As is clear from the lengthy passage quoted above, Blair seeks to bring scorn on his critics by reducing their complex and varied positions to a kind of Kissinger-esque realism. This move, however, is not completed until near the end of the speech, even although it is set up at the very beginning. And it is forcefully completed by his choice of soundbite for the piece:

This is not a clash between civilisations. It is a clash about civilisation. It is the age-old battle between progress and reaction, between those who embrace and see opportunity in the modern world and those who reject its existence; between optimism and hope on the one hand; and pessimism and fear on the other.

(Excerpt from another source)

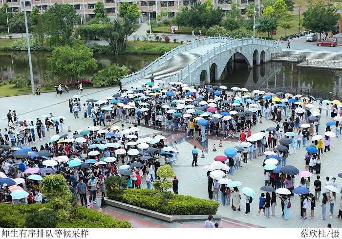 本网讯(宣传部 孟爱静)针对当前疫情防控形势,为扎实做好学校新冠肺炎疫情防控工作,筑牢校园安全防线,4月13-14日,beat365官网按照广东省、肇庆市及高要区疫情防控工作要求,在校党委和校园疫情防控工作专班的统一部署下开展了全员核酸检测工作。

Blair at this point really lays on heavily the language of values - even, as he, I'm sure, is fully aware, the much-maligned vocabulary of the old colonial adventures (with, of course, a twist on Huntingdon's formula to bring it up to date). However, from what was said at the beginning, it seems clear that not just the Islamic radicals and terrorists, but also many if not most of Blair's critics, fall firmly on the side of the forces of darkness. The world-view of "benign inactivity" is here cast as pessimistic, reactionary, without hope. They too are on the wrong side in Blair's "battle for values and progress", which must be won.

Like I said then, fairly classic Blair. The speech is thoughtful at points, almost always eloquently written and occasionally surprising; however, a little closer analysis removes much if not all of its apparent lustre. The usual reductions, generalisations and half-truths are present, and all are still seeking to serve the same justificatory function. The trouble, in terms of classic Blair, as Polly Toynbee noted in the
Guardian today, is that nobody's buying it any more.